November 2025 Eastside Market Update
Eastside pricing is essentially flat year over year and month over month. Yes, technically prices slipped 2% (really 1.6%), but they also rose 2.4% the month before—so we’re basically right where we started. And honestly, this metric is tricky to measure with precision.
With 2.6 months of inventory, we’re sitting in a balanced market that leans toward sellers. That said, only 31% of homes are selling at or above the list price, compared to 50% a year ago. For the 17% of sellers who received multiple offers and went over asking, it feels like a seller’s market. But for the 20% who are taking 60+ days to sell, it feels more like a buyer’s market. The truth? We’re in a healthy, more “normal” market—just one that feels a bit weird and disconnected.
Inventory dropped 8% this month, but last year during this same window inventory fell by 20%. So not only do we have more inventory than we’ve seen in five years, but we’re also burning through it more slowly. That means we’ll likely enter the new year with the highest inventory levels we’ve had in half a decade. Even so, I still expect most appreciation to land in the first four months of the year. It’ll probably be modest—think 3% to 5%—so you might not feel it, even though it’s happening.

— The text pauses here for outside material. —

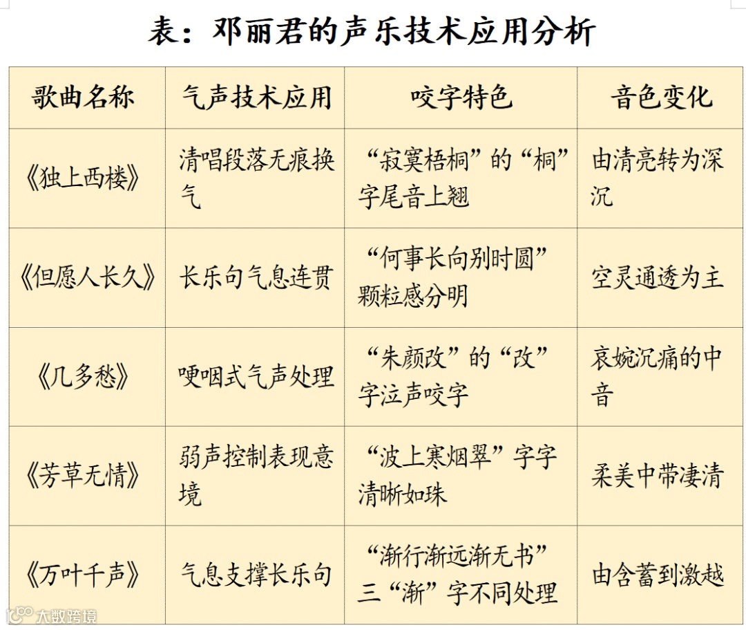 演唱高度:邓丽君融合传统戏曲与流行唱腔,如《几多愁》录制16遍才达“哀而不伤”效果;

For buyers: With higher inventory, softer pricing, and interest rates expected to hover in the low 6s, it’s a solid window to buy—as long as you’re comfortable with the monthly payment and plan to stay put for at least 3 years (ideally 5+).
For sellers: Think of today’s market as both a price war and a beauty contest. Dramatic? Maybe. Helpful? Absolutely. Price on the conservative side—if it’s truly too low, the market will pull it up—and present your home in the best condition possible. Great prep and smart pricing still win.